In
den Wind gesprochen (45):
Waffen
an Bord - ein tödliches Problem
Richtig
ist, dass ich vor Jahren ein (zurückhaltender) Befürworter von Schusswaffen an Bord von Yachten gewesen bin. Meine Meinung damals war, dass
solche Waffen in der Hand von bedächtigen und verantwortungsbewussten Seglern
nur von Nutzen sein und keinerlei Nachteile (außer den Anschaffungskosten)
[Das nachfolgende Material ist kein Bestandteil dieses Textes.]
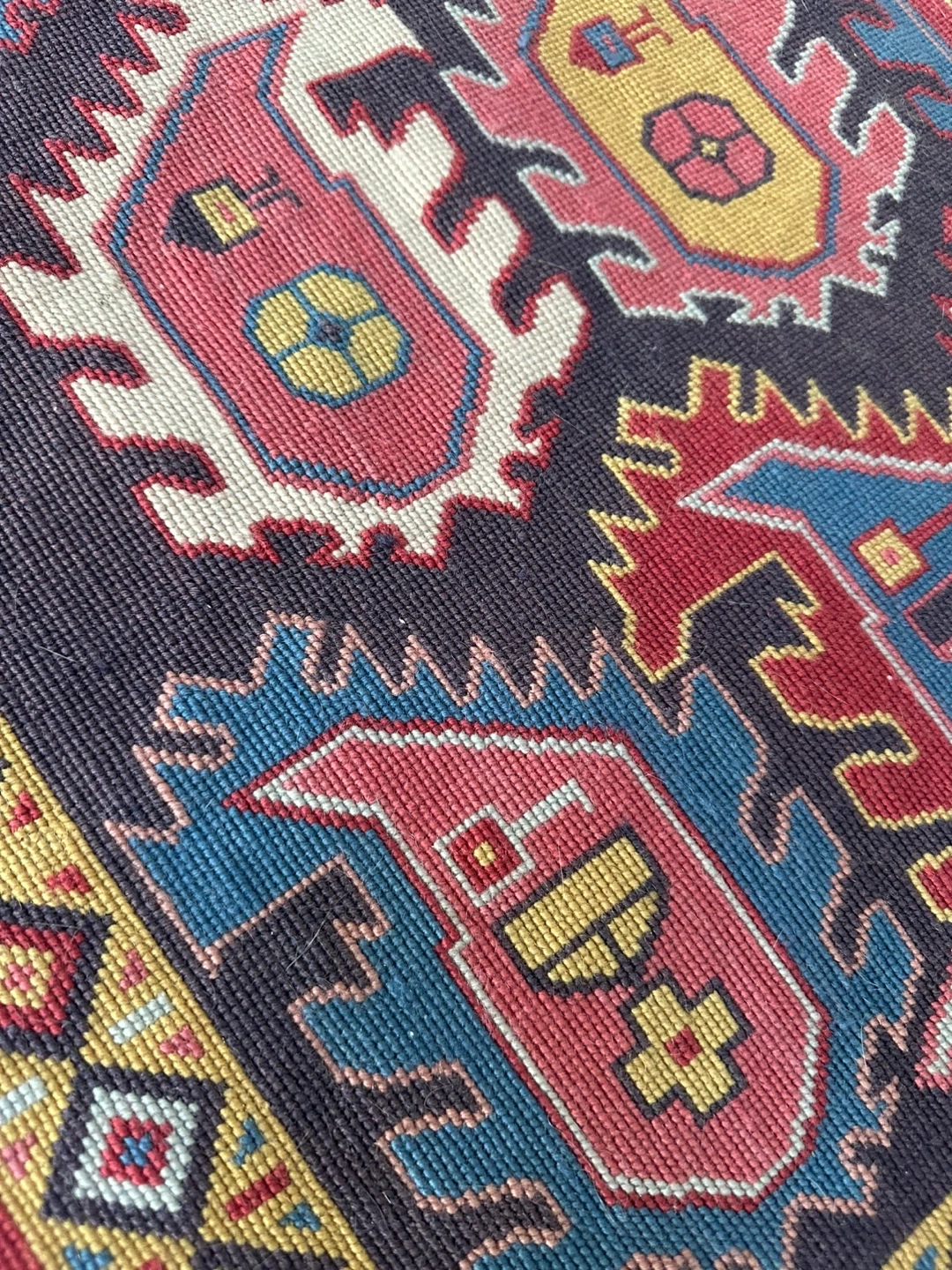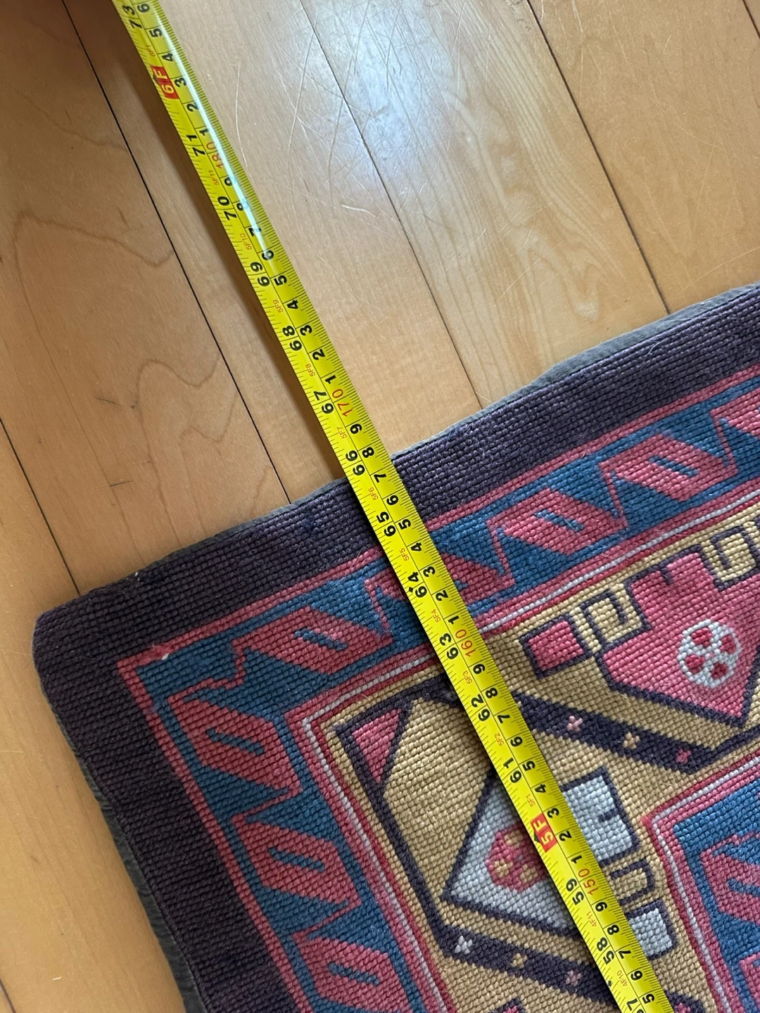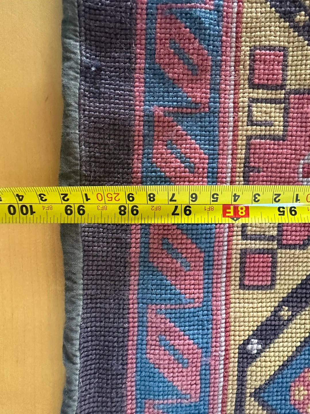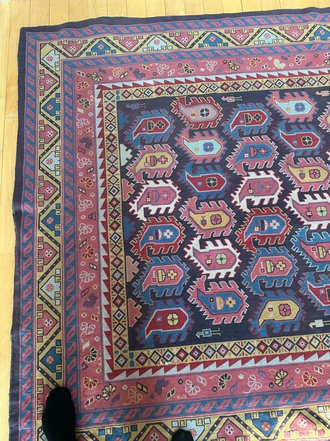 A Antique Turkish rug with a striking geometric pattern in shades of deep blue, pink, and yellow. Measurements are approximately 8x5 ft

haben können. Und so war ich auf einer Weltumsegelung und in den Jahren meines
vierjährigen Südseeaufenthalts mit Rückkehr via Kap Hoorn bewaffnet. Um es
genau zu sagen, hatte ich jeweils einen Beretta-Revolver Kaliber 38 an Bord. Ihn
hatte ich in England, beziehungsweise in Belgien legal erworben und auch jedes Mal bei der Neuankunft in einem Hafen deklariert. In manchen Ländern wurde
das mit einem Achselzucken registriert, in einigen Ländern wurde die Waffe an
Bord versiegelt und in einigen (wenigen) Ländern musste ich die Waffe beim
Zoll, beziehungsweise bei der dortigen Polizei in Gewahrsam geben. Aber auch auf
meiner letzten Reise, 20 Tausend Meilen nach Südsostasien und 10 Jahre lang war ein
großkalibriger Smith&Wesson-Revolver (Foto) an Bord.
In
den letzten Jahren hat sich meine Einstellung zu Waffen auf Langfahrt
grundlegend geändert: Wenn jemand eine andere Meinung vertritt,
sollte von vorneherein klar sein, dass hier nur von Waffen, beziehungsweise
Schusswaffen die Rede ist, die legal an Bord sind. Hierzu gehört auch, dass
diese bei jeder Einreise in einem neuen Land deklariert werden. Denn eines ist
klar: Die ganz "klugen" und siebengescheiten Segler, die meinen, sie
könnten das Einklarieren umgehen, weil sie die Waffen an Bord soo gut versteckt
haben, dass sie niemand finden könne, handeln höchst leichtfertig - bis
tödlich. Heute muss jede Yacht damit rechnen, Opfer einer Razzia zu werden,
selbst auf hoher See. Es liegt auf der Hand, dass dann die Offiziellen
(Zoll oder Polizei) die eisernen Waffen leicht orten können, wenn Sie andererseits in der Lage sind, ein Gramm Heroin in einem listigen Versteck auf
der Yacht aufzuspüren. Das nennt man an dann illegaler Waffenbesitz. Oder auch
Waffenschmuggel. In
Trinidad wurde ein deutscher Segler vor einigen Jahren wegen einer läppischen
Pistole an Bord zu sechs Jahren Gefängnis verurteilt, Was noch gerade harmlos
ist, wenn man bedenkt, dass beispielsweise in Malaysien, der illegale
Waffenbesitz genauso hart bestraft wird, wie Rauschgift an Bord. Denn das kann
bedeuten: Todesstrafe! So steht es im Gesetz. Nebenbei: Dort fällt auch eine
vermeintlich harmlose Harpune unter das Waffengesetz, eine Signalpistole (Foto) sowieso.
Warum
ich nunmehr Schusswaffen an Bord nicht mehr befürworte, geschweige denn
empfehle, liegt einfach daran,
dass sie praktisch nutzlos sind und nur Scherereien nicht nur beim Einklarieren machen.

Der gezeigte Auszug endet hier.